School of Physical and Occupational Therapy, McGill University, Montreal, Canada.
Oslo Centre for Biostatistics and Epidemiology, Oslo University Hospital, Oslo, Norway.
Sci Rep. 2020 Dec 8;10(1):21477. doi: 10.1038/s41598-020-78517-6.
One of the reasons for high mortality of breast cancer (BC) is long delay in seeking medical care and end stage at presentation. This study was designed to measure the association between a wide range of socio-demographic and clinical factors with diagnostic delay in BC and stage at presentation among Iranian patients. From June 2017 to December 2019, 725 patients with newly diagnosed BC in Shiraz and Kermanshah were selected and information on BC diagnosis delay was obtained from the patient's medical record. Data on socio-economic status was obtained via a structured interview. Our findings suggest that 45.8% of the patients were diagnosed at a late stage (stage 3 or higher).
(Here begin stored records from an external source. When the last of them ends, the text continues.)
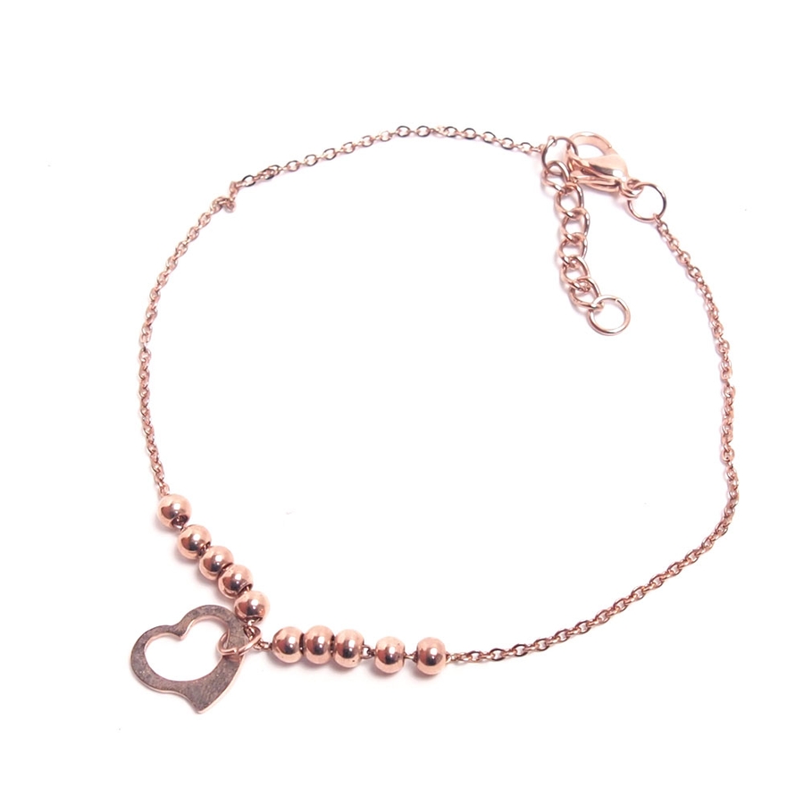 316Lサージカルステンレス ピンクゴールド ハート&ボールチャーム アンクレット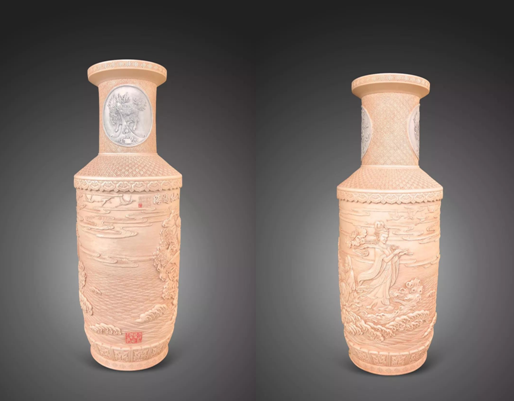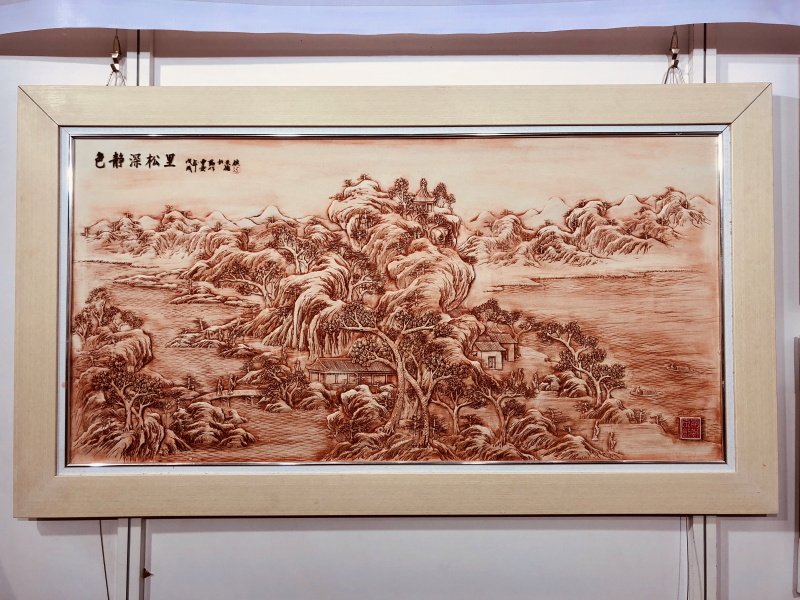 这是曹爱勤首次参加深圳文博会,带来了她所创作的陶瓷、篆刻、书画等多种形式的艺术作品,可以看到其不同形式作品的创作技法、主题、表现手法等均有较大差异,充分体现了曹爱勤在陶瓷艺术道路上追求卓越、勇于创新的新时代大国工匠精神。在其创作中,特别是作为中国陶瓷重要组成部分的陶瓷雕刻作品《色静深松里》、《八仙过海》,承载了国画、雕刻、装饰等综合性艺术手法,每件作品都充分体现出工匠技能,堪称学贯中西、熔铸古今之珍品。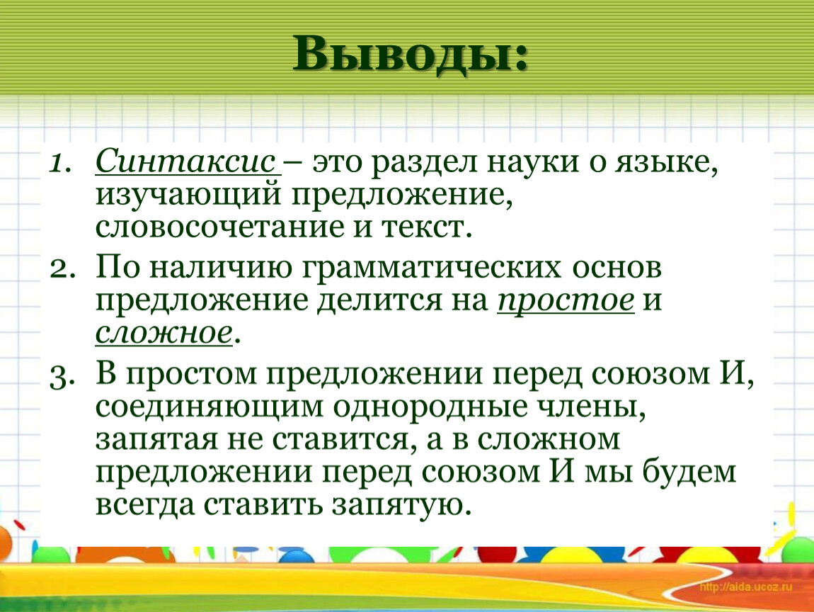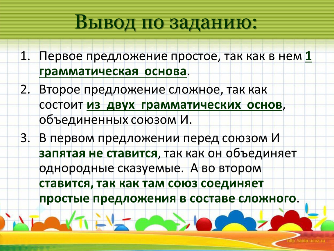 Простые и сложные предложения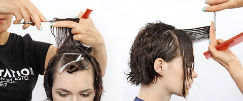 Step 2| Beginnen Sie mit dem Haarschnitt am Hinterkopf. Bestimmen Sie die Länge horizontal auf beiden Seiten des Hinterkopfs. Ziehen Sie die Gesamtmenge des Haars nach oben.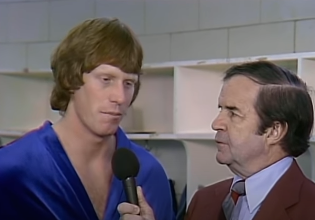 Fritz is undoubtedly putting pressure on him to measure up. Losing Kerry to a bad injury in 1986 was bad enough but having to carry a subpar Mike von Erich was just unacceptable. Mike stumbles and fumbles all over his promo. It’s so sad to watch.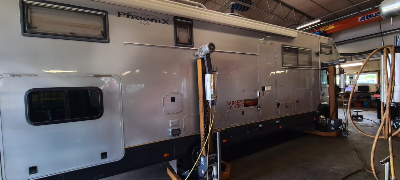 In der MAN Werkstatt wegen des einen Keilriemen, der leider riss.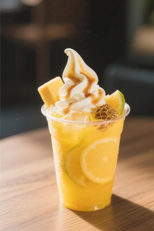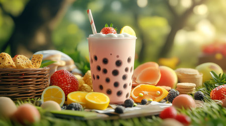 A vibrant bubble tea adorned with fruits and treats, perfect for summer. Experience the sweetness and refreshing flavors in a natural setting.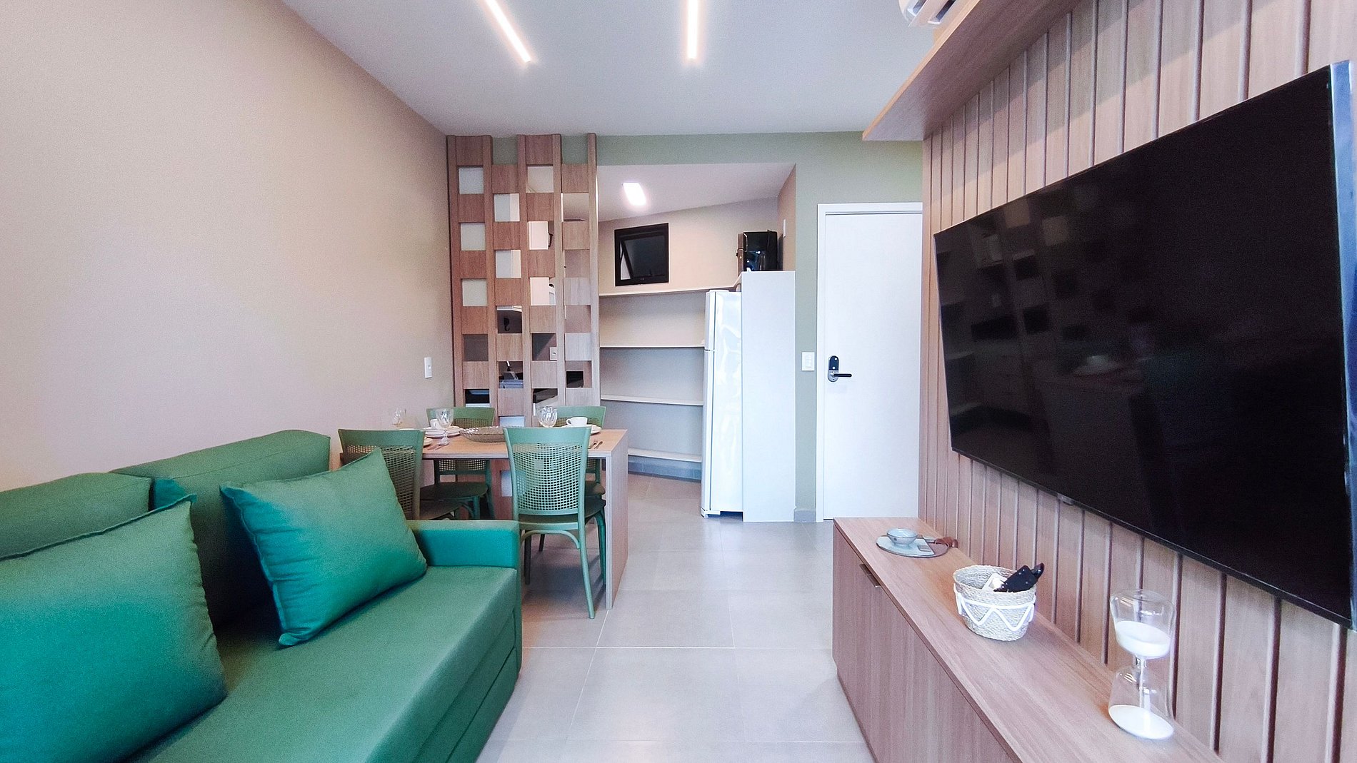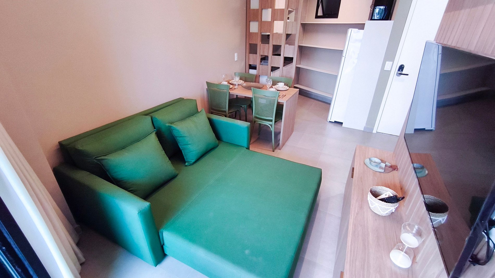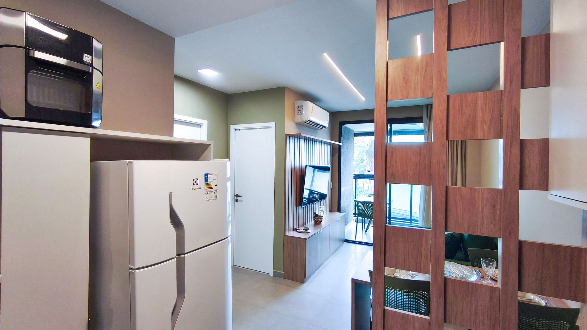 O ambiente é integrado e conta com decoração acolhedora. Dispõe de varanda, quarto, cozinha e banheiro. A cozinha é completa, equipada com geladeira, cooktop, airfryer, cafeteira, liquidificador, sanduicheira, microondas e diversos utensílios. O imóvel oferece TV, ar-condicionado e banheiro completo.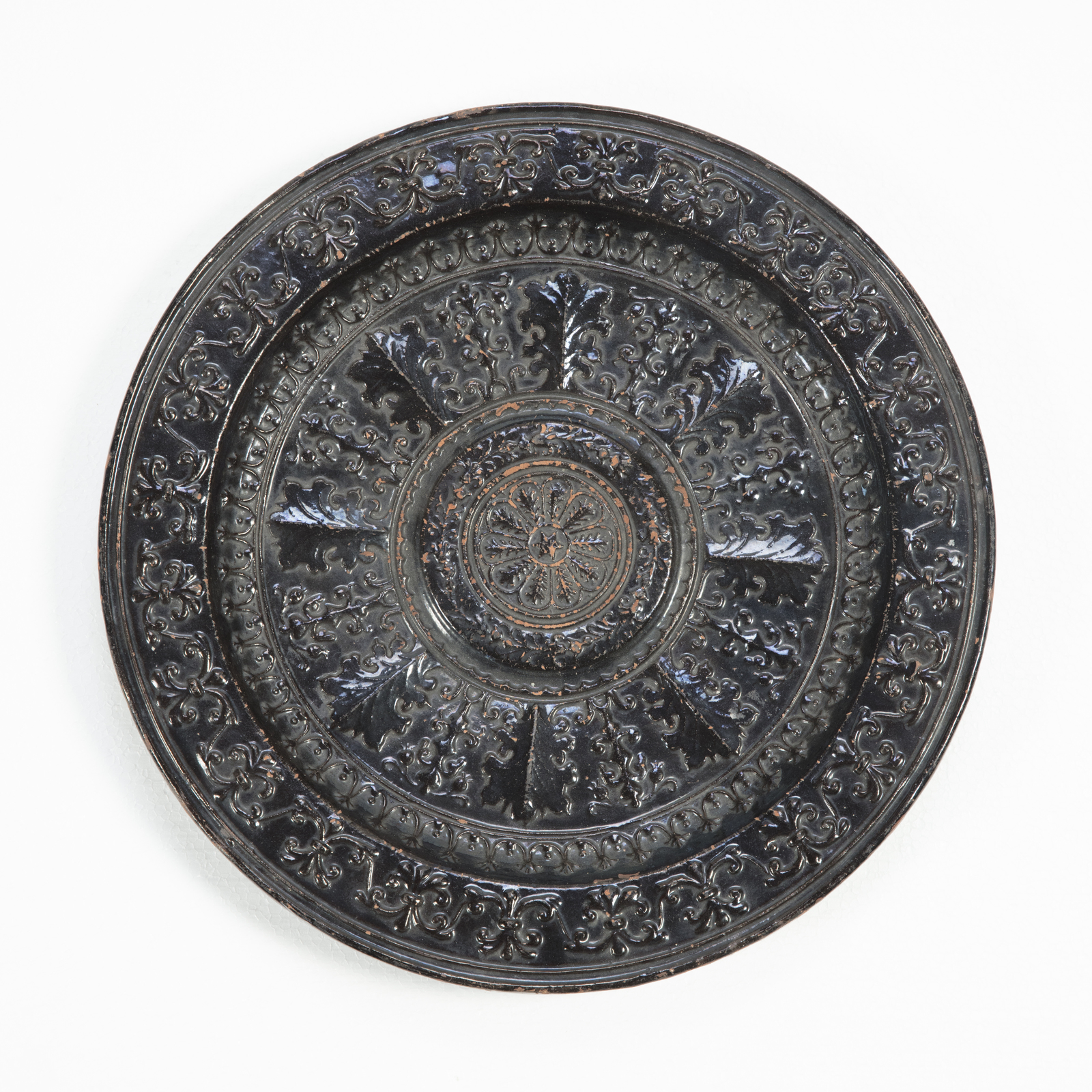 MANIFATTURA PORTOGHESE DEL XVII SECOLO Piatto elemosiniere in terracotta dipinta. Terracotta dipinta. Cm 40,50.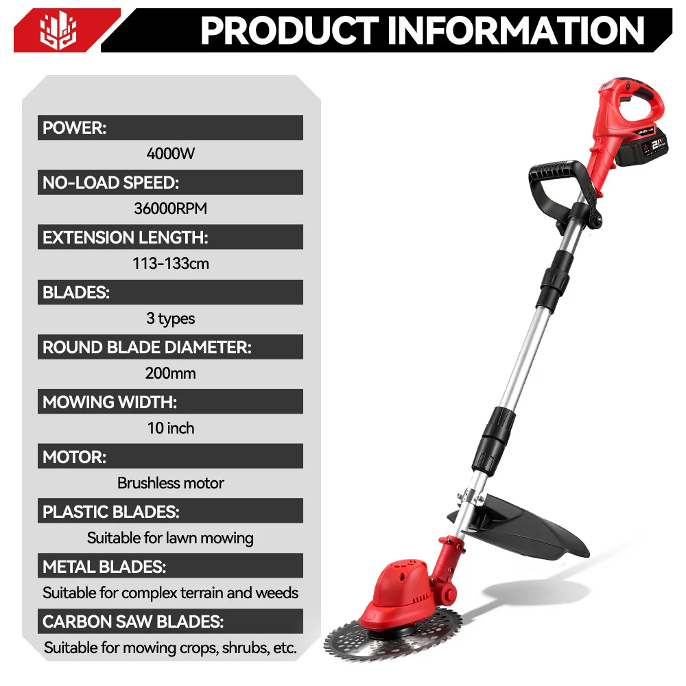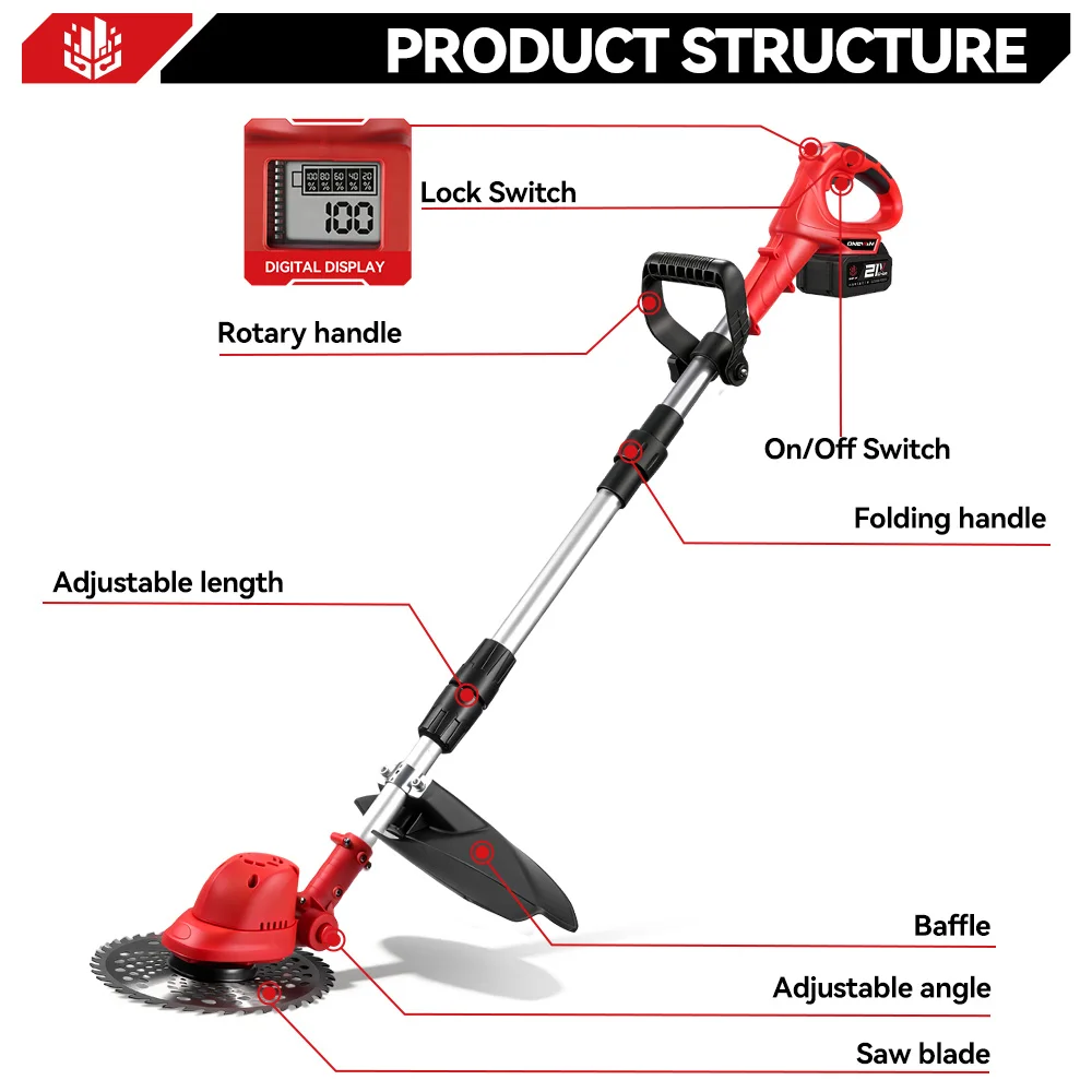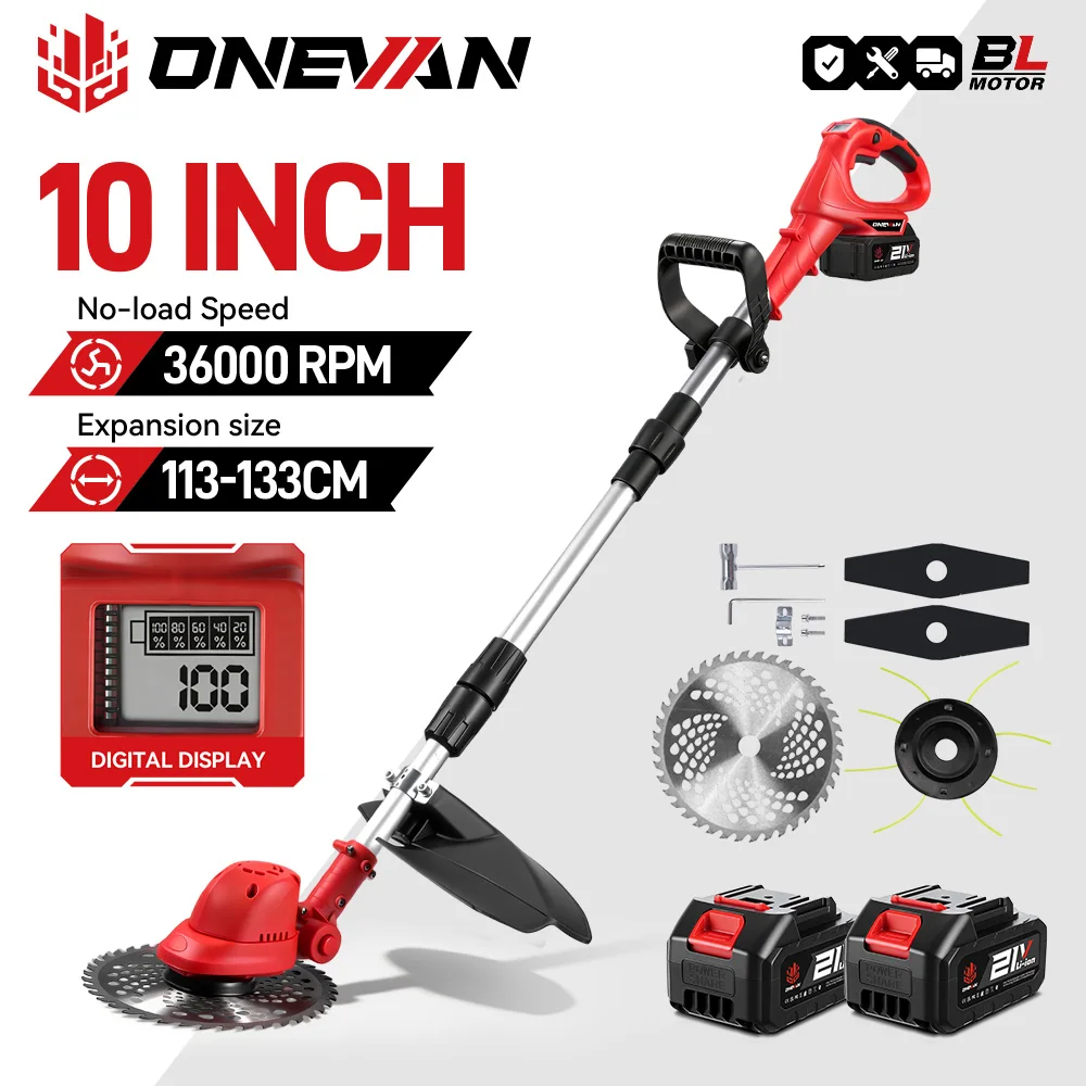 ONEVAN 10-дюймовая бесщеточная электрическая газонокосилка 36000 об/мин, аккумуляторный триммер для травы, садовый электроинструмент для Makita, 18 В, аккумуляторный штифт - TopDealBox

A total of 244 (34%) patients had more than 3 months delay in diagnosis. We found a significant association between stage at diagnosis and place of residence (adjusted odds ratio (aOR rural vs. urban = 1.69, 95% CI 1.49-1.97), marital status (aOR 1.61, 95% CI 1.42-1.88), family history of BC (aOR 1.46, 95% CI 1.01-2.13), and history of benign breast disease (BBD) (aOR 1.94, 95% CI 1.39-2.72) or unaware of breast self-examination (BSE) (aOR 1.42, 95% CI 1.42-1.85), delay time (aOR 3.25, 95% CI 1.04-5.21), and left breast tumor (aOR right vs. left 2.64, 95% CI 1.88-3.71) and smoking (aOR no vs. yes 1.59, 95% CI 1.36-1.97). Also, delay in diagnosis was associated with age, family income, health insurance, place of residence, marital status, menopausal status, history of BBD, awareness of breast self-examination, type of first symptoms, tumor histology type, BMI and comorbidity (p < 0.05 for all). Factors including history of BBD, awareness of BSE, and suffering from chronic diseases were factors associated with both delay in diagnosis and end stage of disease. These mainly modifiable factors are associated with the progression of the disease.
乳腺癌(BC)死亡率高的原因之一是寻求医疗护理的时间延迟和就诊时已处于晚期。本研究旨在衡量广泛的社会人口学和临床因素与伊朗患者 BC 诊断延迟和就诊时分期之间的关联。
2017 年 6 月至 2019 年 12 月,在设拉子和克尔曼沙赫选取了 725 名新诊断为 BC 的患者,并从患者的病历中获得了有关 BC 诊断延迟的信息。社会经济地位的数据通过结构化访谈获得。
我们的研究结果表明,45.8%的患者被诊断为晚期(3 期或更高)。共有 244 名(34%)患者的诊断延迟超过 3 个月。我们发现诊断时的分期与居住地(调整后的比值比(aOR 农村与城市=1.69,95%CI 1.49-1.97)、婚姻状况(aOR 1.61,95%CI 1.42-1.88)、BC 家族史(aOR 1.46,95%CI 1.01-2.13)和良性乳腺疾病(BBD)史(aOR 1.94,95%CI 1.39-2.72)或不知道乳房自我检查(BSE)(aOR 1.42,95%CI 1.42-1.85)、延迟时间(aOR 3.25,95%CI 1.04-5.21)和左侧乳房肿瘤(aOR 右侧与左侧 2.64,95%CI 1.88-3.71)和吸烟(aOR 否与是 1.59,95%CI 1.36-1.97)之间存在显著关联。此外,诊断延迟与年龄、家庭收入、健康保险、居住地、婚姻状况、绝经状态、BBD 史、对乳房自我检查的认识、首发症状类型、肿瘤组织学类型、BMI 和合并症有关(p<0.05)。BBD 史、对 BSE 的认识和患慢性病是与诊断延迟和疾病晚期都相关的因素。这些主要的可改变因素与疾病的进展有关。